A cuttle bone will give him the extra if he needs it, often they seem to know when they are short of something in their diet and will try to eat odd objects to compensate. Cuttle bone can also help keep its beak trimmed too.
Some torts won't eat it, so a little grated onto his food a couple of times a week may help.
Supplements seem to be favoured by others, as some torts like them and they usually have other beneficial ingredients in them too.


----------



## Gillian M (Jul 25, 2015)

Sorry - can't be of help here - am no expert.

And a very warm welcome to the forum.


----------



## Tom (Jul 25, 2015)

Probably not enough calcium and the other compounds in kale make it not good to feed it all the time.

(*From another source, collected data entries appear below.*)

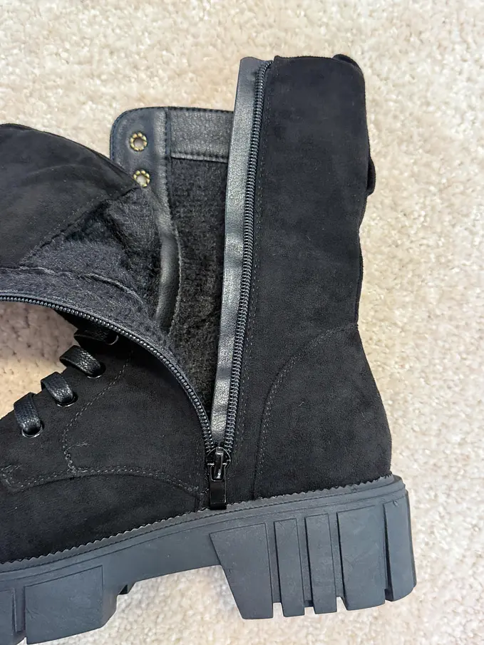 Čižmy sú mierne zateplené. Ozdoba má zlatú a čiernu farbu. Na boku so zipsom.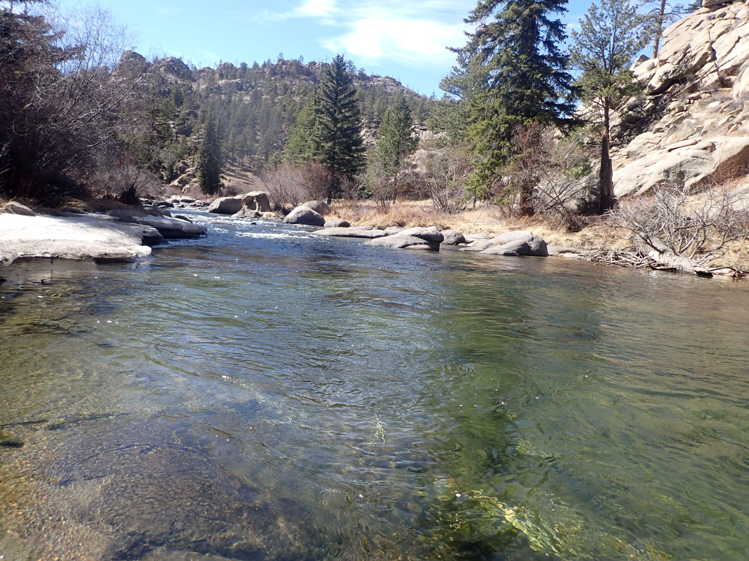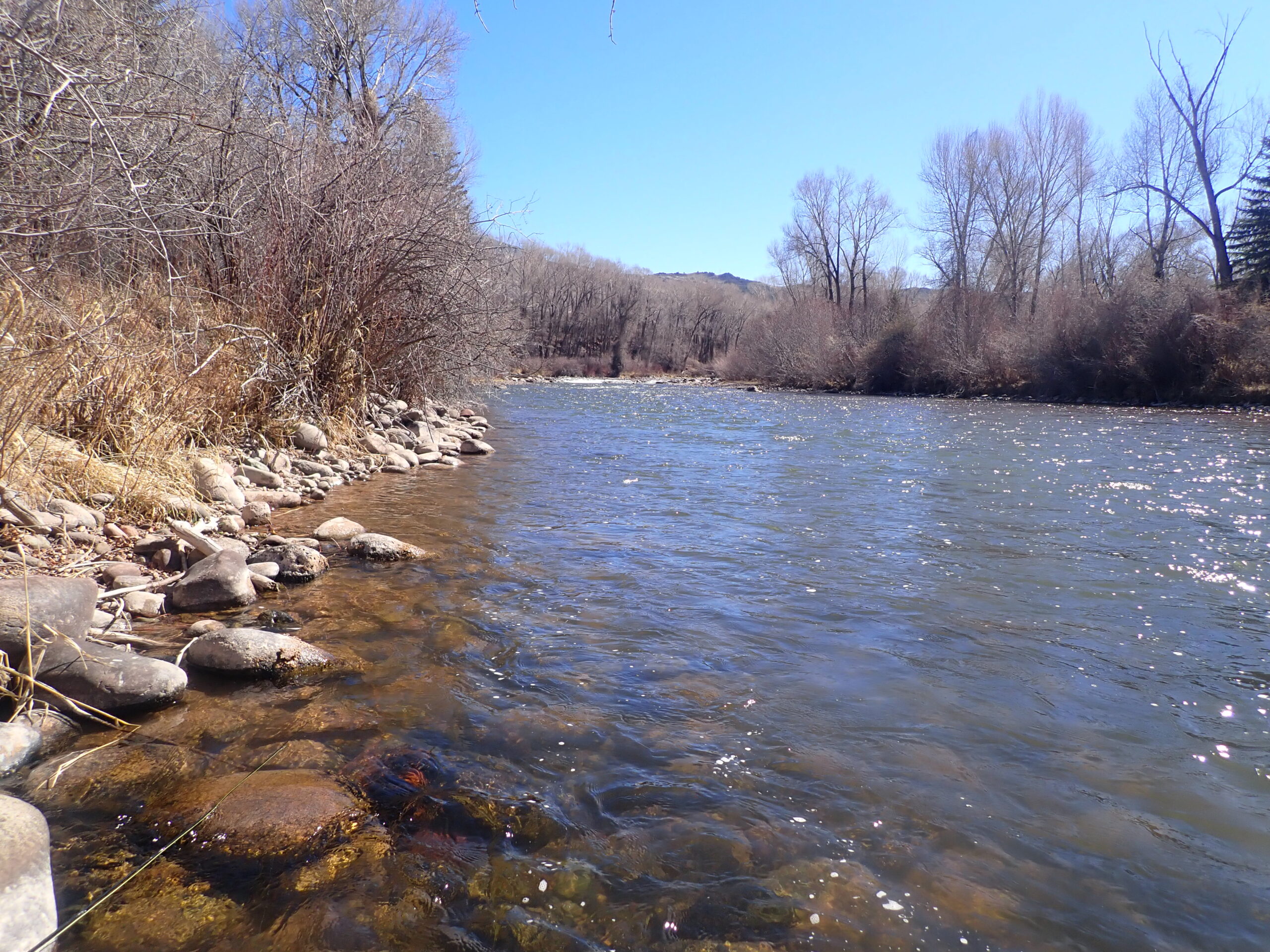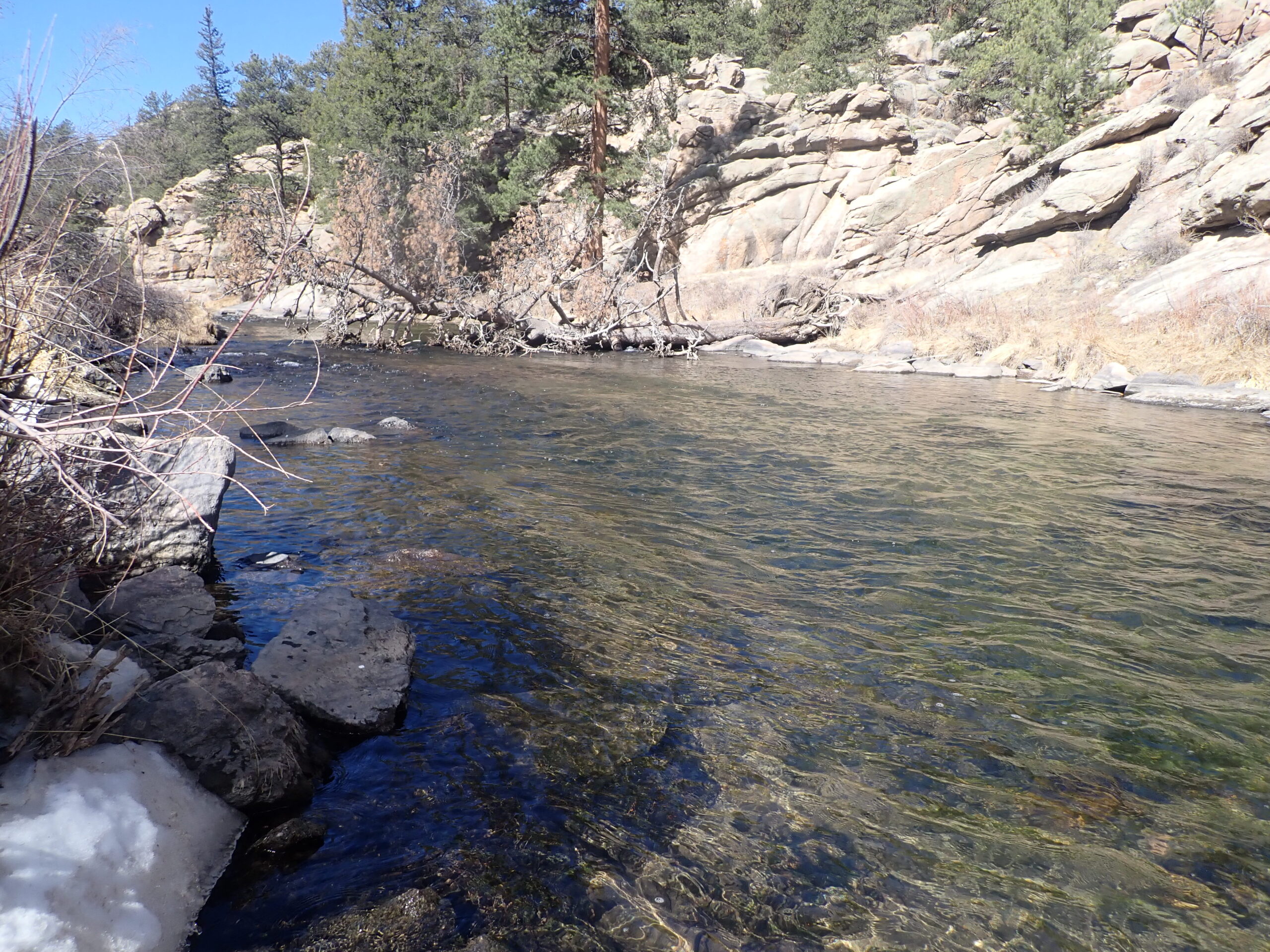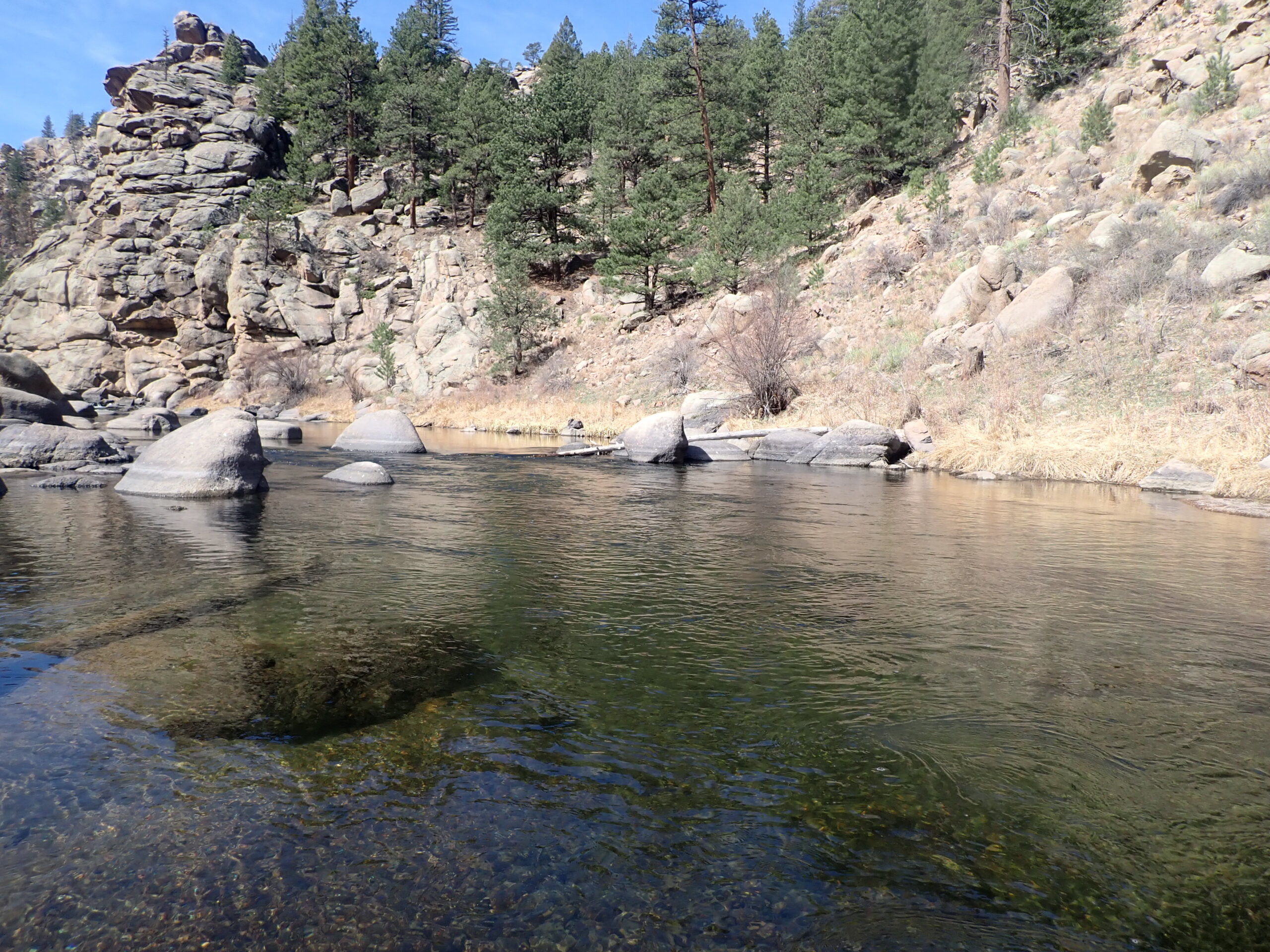 By 3:30PM I covered my targeted section of the river, so I hiked back to my crossing and completed my day. I achieved double digits and six of the landed fish were in excess of the twelve inch standard including two rainbows that exceeded fifteen inches. I have to admit that I was disappointed with the lack of dry fly action. I was convinced that prospecting with a deer hair caddis in the early afternoon would produce some results; but, alas, that was not the case. I spotted one blue wing olive, so perhaps it was too sunny, bright and windy, or I was on the downside of the baetis hatch. I suspect that another trip to the Arkansas River would take me upriver to the Salida area or above.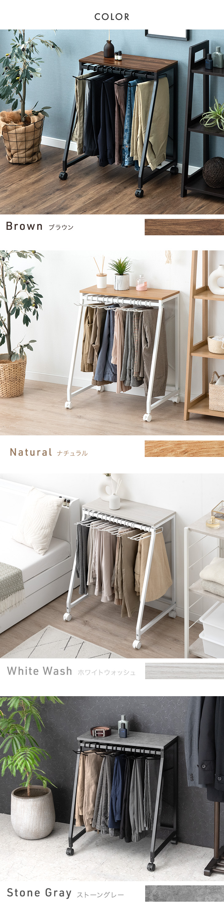 | カラー | ブラウン、ナチュラル、ホワイトウォッシュ、ストーングレー、ストーンホワイト、ストーンブラック | |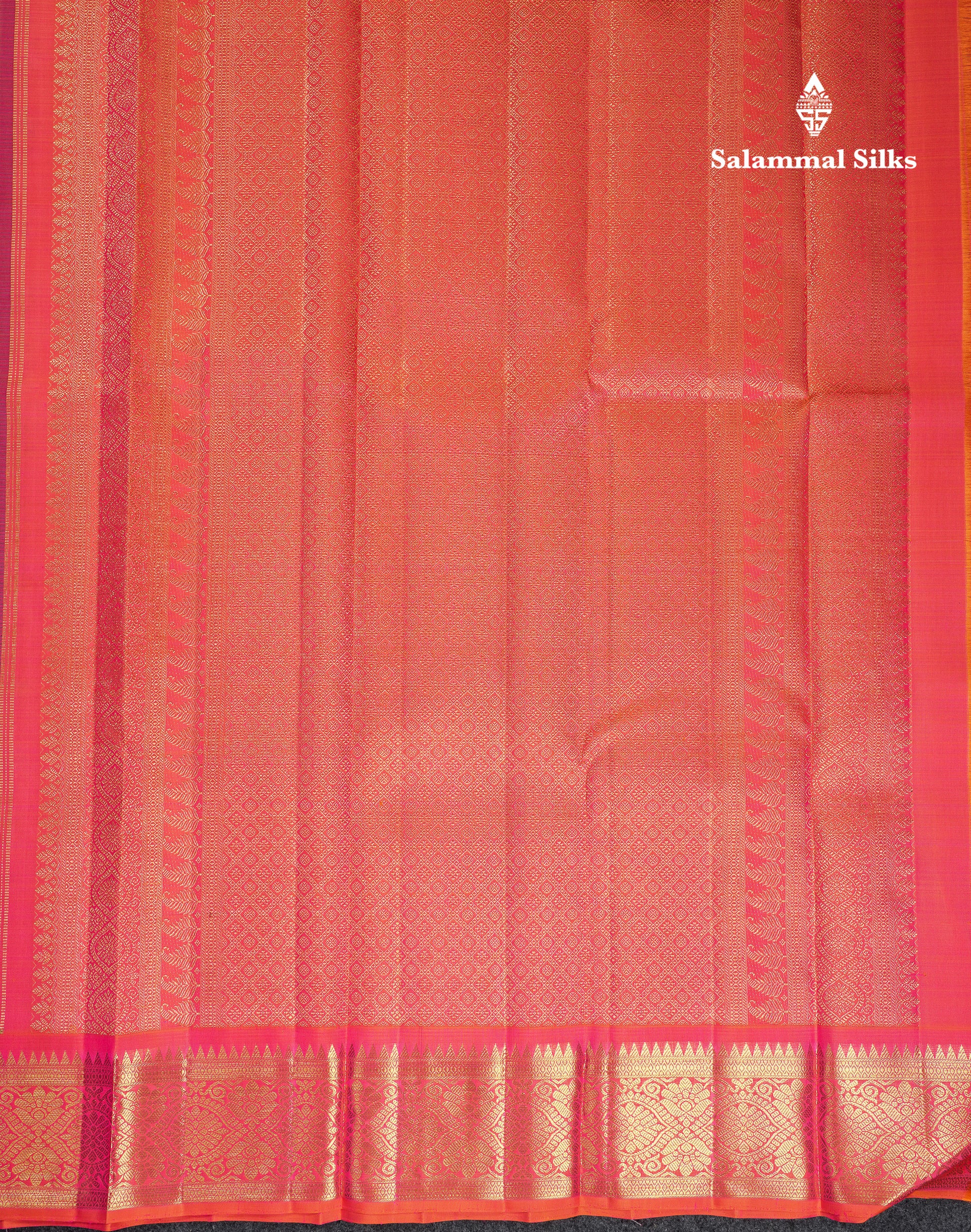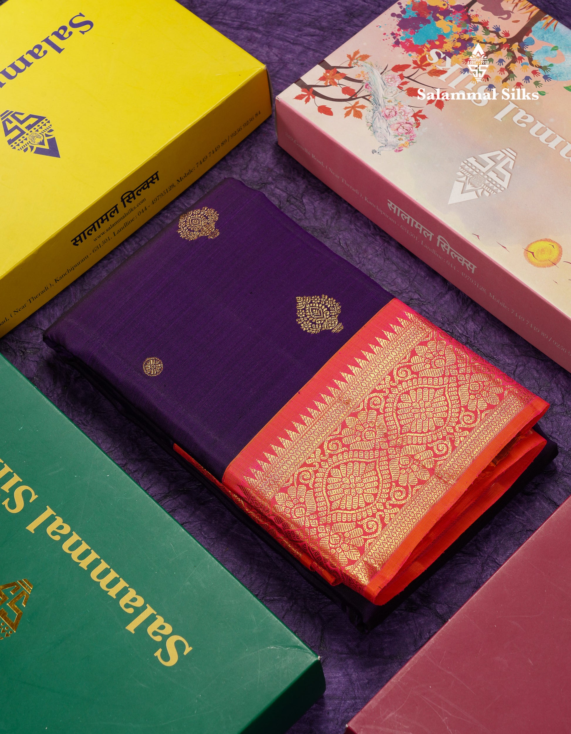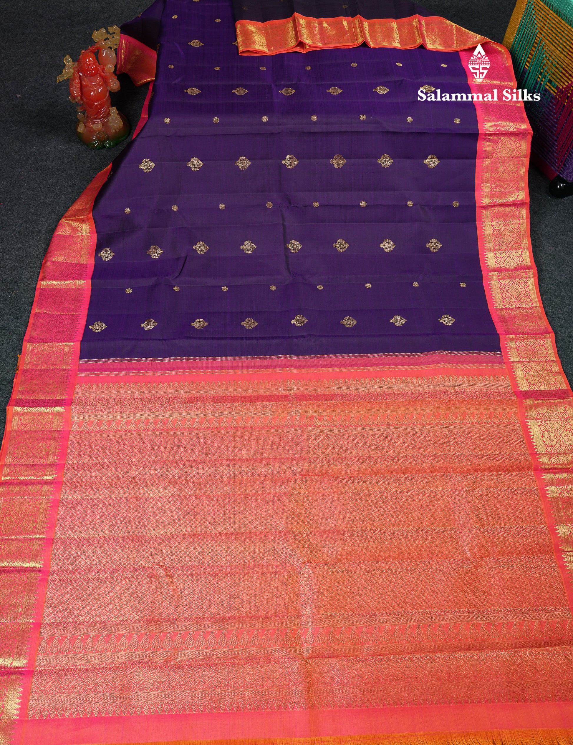 Beautiful Korvai Violet Pure Kanjivaram Silk Saree With Contrast Dual Tone Pinkish Orange Traditional Border

I think your diet needs lot more variety and grocery store foods are not the best way to go. Here are some suggestions for other, better things:
Mulberry leaves
Grape vine leaves
Hibiscus leaves
African hibiscus leaves
Blue hibiscus leaves
Rose of Sharon leaves
Rose leaves
Geraniums
Gazanias
Lavatera
Pansies
Petunias
Hostas
Honeysuckle
Cape honeysuckle
Leaves and blooms from any squash plant, like pumpkin, cucumber, summer squash, etc...
Young spineless opuntia cactus pads

Weeds: 
There are soooooooo many...
Dandelion
Mallow
Filaree
Smooth Sow thistle
Prickly Sow thistle
Milk thistle
Goat head weed
Cats ear
Nettles
Trefoil
Wild onion
Wild mustard
Wild Garlic
Clovers
Broadleaf plantain
Narrow leaf plantain
Chick weed
Hawksbit
Hensbit
Hawksbeard

Other good stuff:
"Testudo Seed Mix" from http://www.tortoisesupply.com/SeedMixes
Pasture mixes or other seeds from http://www.groworganic.com/seeds.html
Homegrown alfalfa
Mazuri Tortoise Chow
ZooMed Grassland Tortoise Food


----------



## PlatinumTortoise (Jul 25, 2015)

I have a 2 month old baby red foot tortoise who usually eats spring mix consisting of romaine lettuce, spinach other greens and also eats ALOT of Kale.... He DOES NOT eat calcium supplements of any kind and also has the occasional fruit.... Is my Tortoise getting enough calcium? How would I know? 

Please be specific... and give straight answers... THX!!!


----------



## dmmj (Jul 25, 2015)

Sounds good, I would cut out the spinach. It has calcium binders in it 
You can lightly sprinkle calcium on the food two to three times a week.


----------



## Lyn W (Jul 25, 2015)

Does he have access to a cuttlefish bone? He may start to nibble on that if he is calcium deficient and it will also help keep his beak trimmed. Not all torts bother with them, but you could lightly scrape some over his food a few times a week to provide calcium too.


----------



## johnandjade (Jul 26, 2015)

another vote for cuttlefish, you can scrape on food as has been mentioned. i also agree to cut out the spinich.


----------



## Tidgy's Dad (Jul 26, 2015)

I wouldn't do the supermarket mixes unless I had to.
Fresh farm or garden grown weeds and greens are usually better, as long as you know they're chemical free.


----------



## Tom (Jul 26, 2015)

PlatinumTortoise said:


> I have a 2 month old baby red foot tortoise who usually eats spring mix consisting of romaine lettuce, spinach other greens and also eats ALOT of Kale.... He DOES NOT eat calcium supplements of any kind and also has the occasional fruit.... Is my Tortoise getting enough calcium? How would I know?
> 
> Please be specific... and give straight answers... THX!!!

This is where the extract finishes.